Your executive stakeholders who have an eye on the bottom line want to see results based on data. While many human resource operations focus on employer brand, candidate experience, and other areas of HR that are difficult to tie to revenue, assigning value to things like days of lost productivity due to a poor hire, or a decrease in time to fill impacting that same metric is the key to being able to show these results. Having analytics for everything from recruiting initiatives to outplacement solutions that drive your primary goals and using that data to demonstrate lower costs and increased productivity can be part of what drives cultural, strategic, and process decisions for your organization, moving HR from cost center to revenue center.
When you’re ready to present a case for a new program or process to your company stakeholders, and show ROI, focus on these three areas:
The payback period. This is the length of time it takes for an investment to make back the money initially budgeted for the project. Your business case should include the total investment and how it ties into your goals, with a focus on the timeline in which your team expects to see results.
Internal rate of return. This is the rate at which the net present value of all cash flows from a project or investment equals zero. This includes both positive and negative flow. You’ll want to include net gains and net losses (prospective and past) in relation to your proposed budget.
Profitability index. This is the ratio of payoff to the investment of your proposed project. Slightly different from your expected length of return, this should define expected success metrics and how a specific investment can improve areas that directly impact cash flow, such as reducing time-to-hire, improving lost productivity per open requisition, or reducing unemployment claims drawdowns.
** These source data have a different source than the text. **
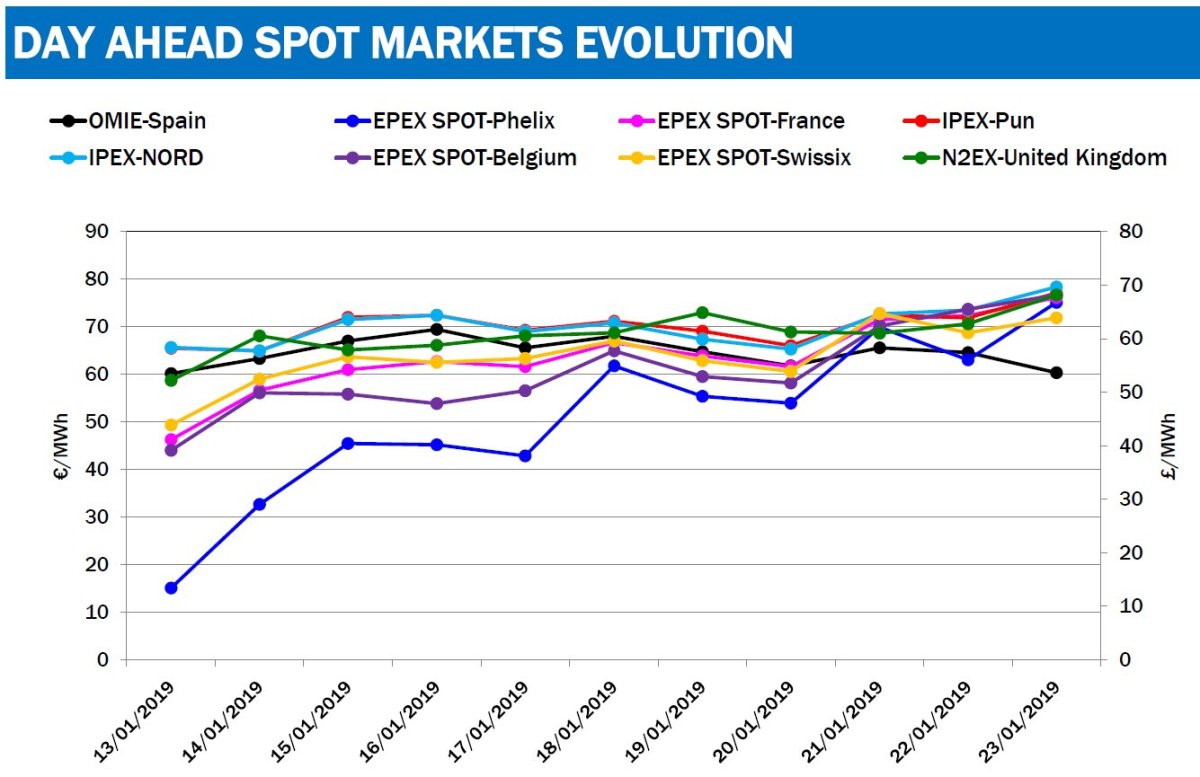Como decía es difícil encontrar una respuesta adecuada a ello. "Las cosas del mercado", me llega a espetar algún experto. Pero una de las posibles causas esté fuera de nuestras fronteras. El frío que azota a Europa ha elevado la demanda eléctrica en todo el Viejo Continente, tanto que a pesar de tener 60 €/MWh, España es el mercado europeo con el precio de la electricidad más bajo de toda Europa, incluso por debajo del mercado Nordpool que marca los precios en los países escandinavos y que normalmente es el más bajo de Europa.
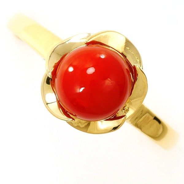K18YG リング ring 指輪 14号 サンゴ 総重量約2.1g
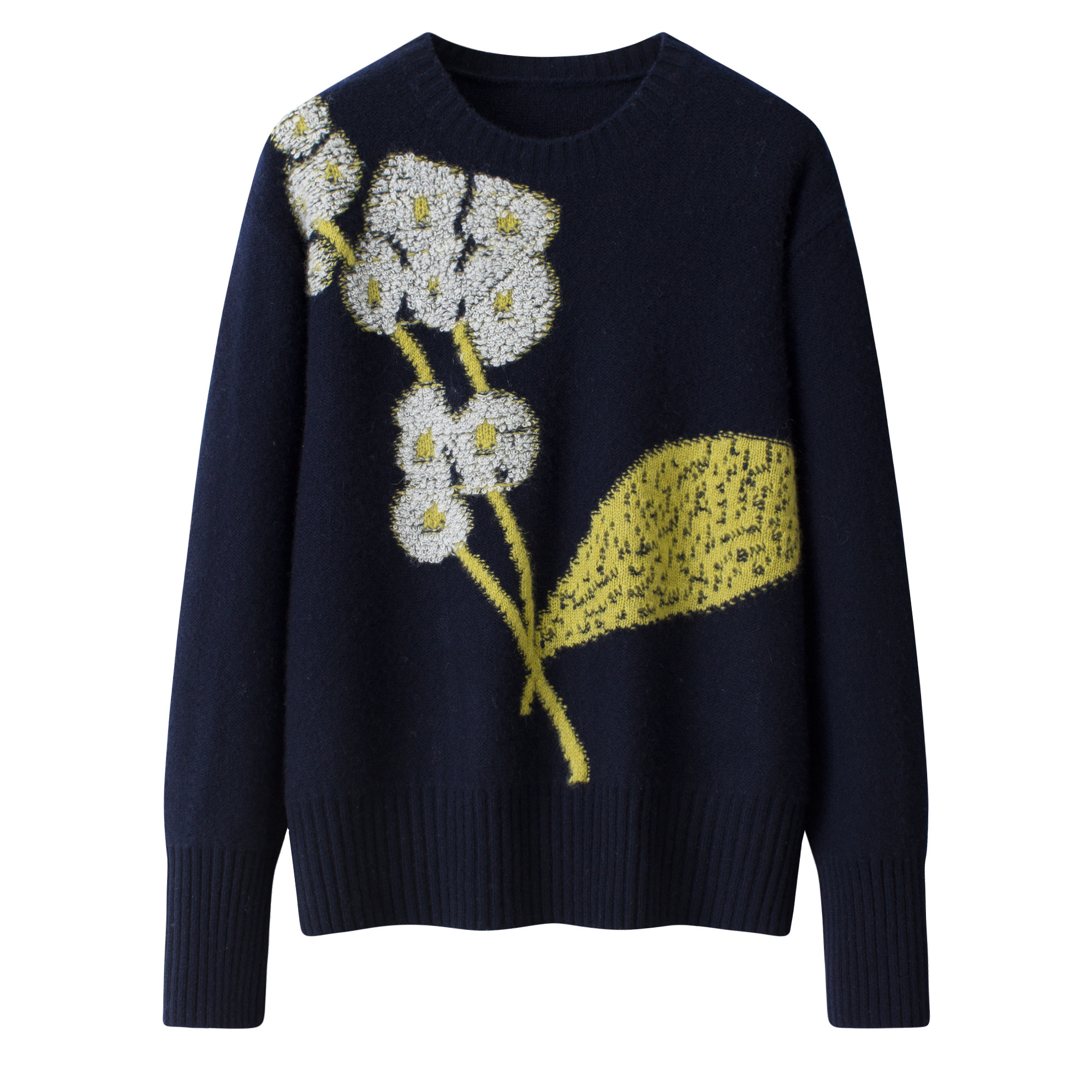 100山羊绒短款绣花女开衫~鄂尔多斯市产双股宽松针织衫休闲毛衣潮
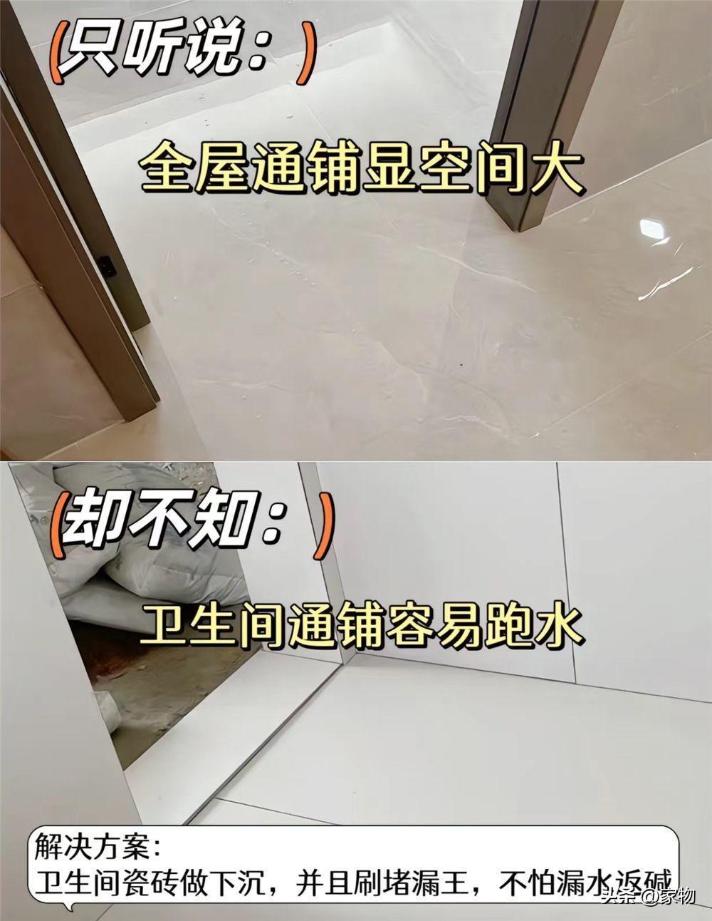 全屋通鋪確實沒說錯,會讓家居空間顯得連貫寬敞,但這裏不包括廁所,衛生間的位置還是做抬高爲好,有個過門石,能避免漏水反鹼問題的出現,這點非常重要。
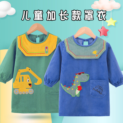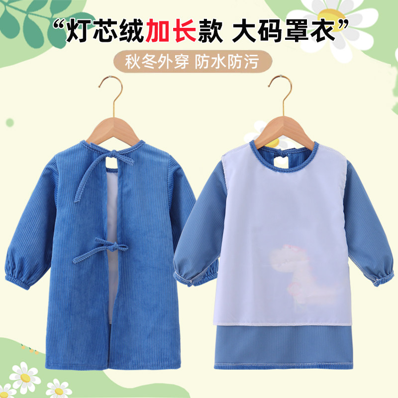 儿童卡通防水罩衣大童长款防脏反穿衣套厚衣服护衣宝宝冬天吃饭衣
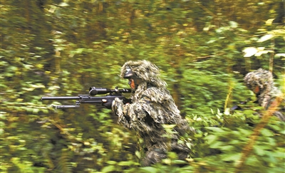 圖為叢林深處,狙擊手快速展開追剿行動。
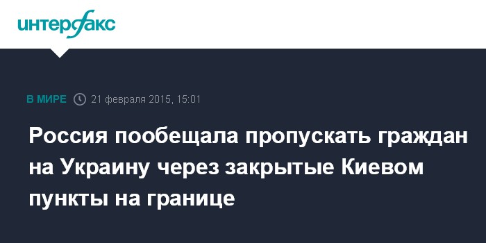 Москва. 21 февраля. INTERFAX.RU - В Москве вызывает недоумение распоряжение кабмина Украины о закрытии части пунктов пропуска на границе с Россией и заявляют об отсутствии планов принятия аналогичных мер со своей стороны.
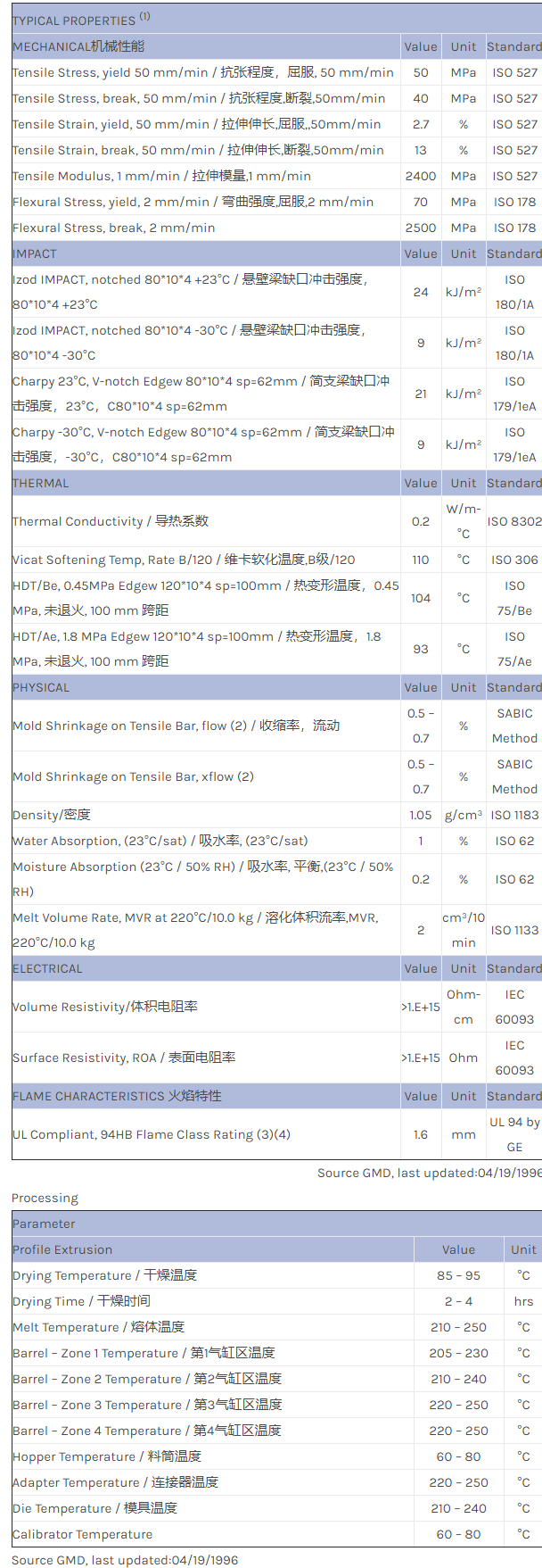 CYCOLAC ABS XS858物性表
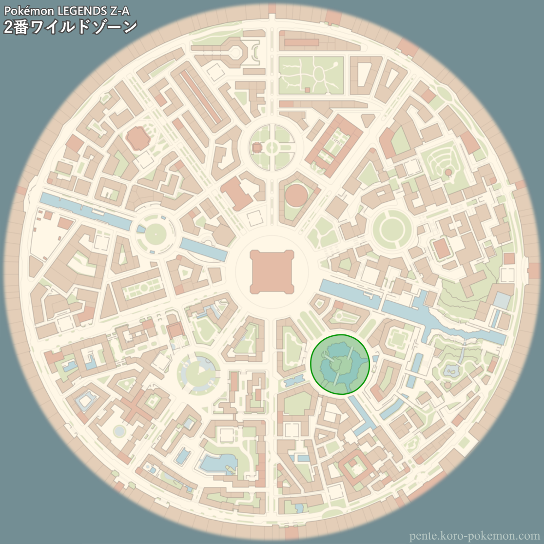 『Pokémon LEGENDS Z-A』(ポケモンレジェンズZ-A/ポケモンZA) で登場するミアレシティ「2番ワイルドゾーン」のマップデータ。
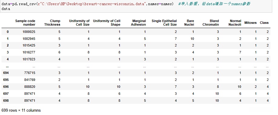 将data赋值为从r"C:\Users\HP\Desktop\breast-cancer-wisconsin.data"中读取的CSV文件,并指定columns参数为names。

Some examples of what you could outline in order to measure the potential of a program’s effectiveness:
- Increased revenue attributed to new hires.
- Decreased time to hire.
- Increased quality of hire (performance of new hires vs. current employees).
- Increased productivity
- Decreased employee turnover
New rules, new roles for HRBP’s
With the growing responsibility of human resources and a shift away from HR as an administrative function, we’ve seen the role of the chief human resources officer (CHRO) evolve to become a CEO’s most trusted advisor. The new CHRO is one hundred percent HRBP.
While the CHRO tends to focus on culture, civility and employee well-being, there is a significant emphasis placed on this role as HRBP and member of the executive leadership team. According to a report from the Harvard Business Review, senior executives want a CHRO who is a strategic business partner and an HR organization that anticipates the talent attributes required for a high-performance culture that achieves business strategy and growth objectives.
According to the HBR survey, senior executives understand the importance of the tools HR needs in order to sustain its strategic efforts. A majority of respondents recognize the importance of a new breed of information technologies to support strategic HR. The role of the CHRO focuses on using technology for strategic initiatives and data analysis for big picture planning, as well as choosing technology for the company that improves productivity and accommodates all employees. Tying the adoption of technology to the company’s business objectives also gives a CHRO the opportunity to have buy-in from executive leadership across all departments.